Let’s do another Compare and Contrast of one historical event: Loyalists in the Revolutionary War in both Dear America and next week, Dear Canada!
Love Thy Neighbor: The Tory Diary of Prudence Emerson, Green Marsh, Massachusetts, 1774, Ann Turner, 2003.
I’m not crazy about Ann Turner as an author, and this book really didn’t do anything for me. It’s more childish in tone than a lot of the other entries in the series, which I think works against it. A tone that could have worked for a less fraught period really doesn’t function incredibly well here, and ends up inadvertently minimalizing the issues at hand. The protagonist of the novel for the opposite perspective, The Winter of the Red Snow, is even younger, but the general tone of that book is much more mature. I would love to say that it was a stylistic choice, but I doubt it.
Prudence, the narrator, lives in a small village in Massachusetts with her family (two parents, two brothers, three sisters) on the eve of the Revolution. They’re Tories, but Prudence’s best friend is Abigail, a girl whose family are all Patriots. That doesn’t last very long, since on Page 9 Abigail tells Prudence that her father has forbidden them to socialize with one another any more. In an effort to give some of the basics behind the war, Prudence wonders why it isn’t a good thing to be loyal to the king, or why anyone would want to do anything else, or why they should change. I get it—it’s just a bit heavy-handed. It isn’t necessarily a bad thing, it just strikes me as vaguely odd.
Another thing that aggravates me about this book is that it features that classic trope of Girl Who Hates Typical Feminine Chores So Modern Readers Can Relate. (I need a catchier title.) And another thing (while I’m at it) is that Prudence keeps complaining of her “corsets,” and that she can’t breathe. They were called “stays” in the eighteenth century, not corsets, they weren’t called corsets in English until the 1830s. And stays were much less restrictive than corsets and were not intended to inhibit breathing, but only to support the breasts and back. Things like this make me pretty irritated with the lack of research and makes me fret for the rest of the novel.

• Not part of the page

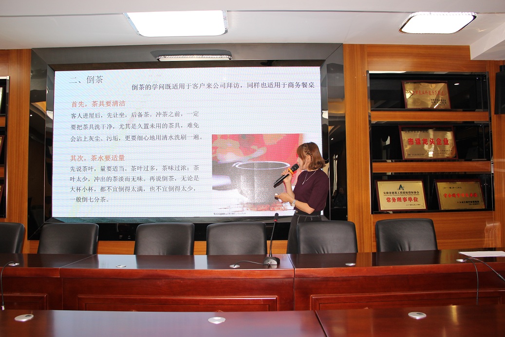 2017年10月28日下午2:30,集團公司組織了首次文化禮儀培訓,由集團發展戰略執行中心品牌文化部何傳鳳同志擔任講師,分別從商務禮儀、溝通技巧、文化建設三個方面,跟大家做了充分的講解。

But that’s pretty minor, I suppose. Anyway, as we continue, Prudence’s family hears that their cousins are planning on leaving or England if things get much worse, but they don’t intend on going anywhere if they don’t have to. They couldn’t if they wanted to, at least for a while, because Prudence’s sister Kate gets sick for a couple of weeks—very sick indeed, sick enough that some of their Patriot friends who haven’t spoken to them in weeks actually come by to see how she’s doing. But by the new year things go back to their old ways, and Prudence’s family is being carefully watched by some of the Patriot families. Her mother goes along with midwifery as per usual, and Prudence keeps going to school (for a while, at least) and nothing much more happens until their preacher gives a sermon about how King George is a dictator, and Prudence’s family storms out.

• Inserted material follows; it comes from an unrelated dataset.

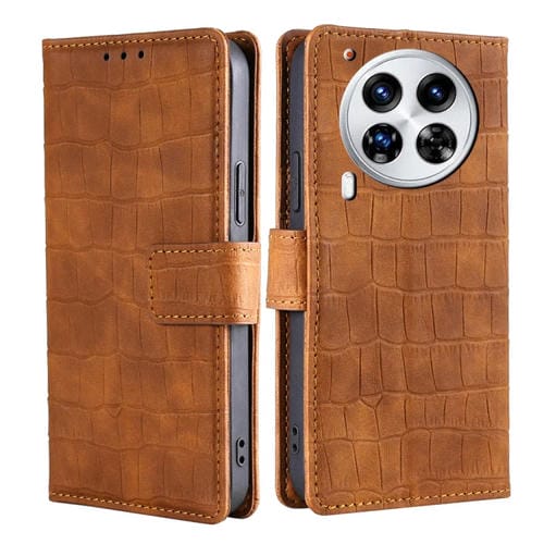 Funda de Piel para Tecno Camon 30 Premier 5G con Cierre Magnético y Diseño de Cocodrilo (Marrón)

At the end of January, a friend of their family has his horse stolen, and painted with “strange designs” and the words “Tory Nag” on one side. From the way Prudence goes on and on about this it’s clearly meant to be The Most Horrible Thing Ever, and obviously it’s not great to steal someone’s horse and vandalize it, but…I can’t get as worked up about this as we’re clearly supposed to be. When Prudence goes to see Charity, whose father owned the stolen horse, “Charity said ‘We had to wash him with a rag and soapy water!’ Her lips trembled, and I took her hand. I had no words of comfort.” How else do you wash a horse? I can’t get on board with this, even for a kids’ book. It just doesn’t resonate.

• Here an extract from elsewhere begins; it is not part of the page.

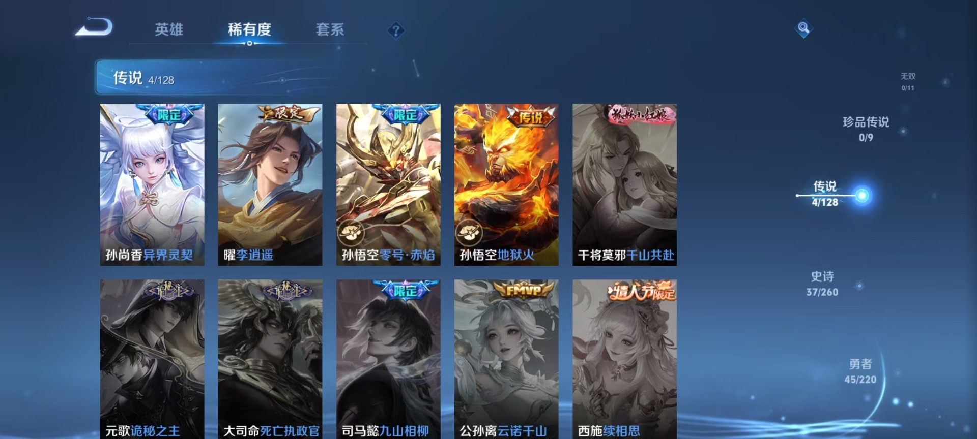 裴擒虎李小龙,上官婉儿梁祝,铠青龙志,孙悟空孙行者,孙悟空大圣娶亲,典韦岱宗,孙悟空至尊宝,孙尚香异界灵契,韩信飞衡,关羽冰锋战神

Prudence and the other Tory children are effectively kicked out of school, and Prudence’s mother begins teaching them from a primer. Her brother Walter, though, is old enough to be done with school, and so Prudence is taken aback to see him talking with a known Patriot outside the tavern one afternoon. Walter is the only one in their family who is staunchly opposed to leaving their home—all the rest are open to moving or going back to England or pretty much anywhere else. In February a band of Patriots try to force Prudence’s father to sign up with the militia, and he refuses, but that’s pretty much the shape of things in Green Marsh.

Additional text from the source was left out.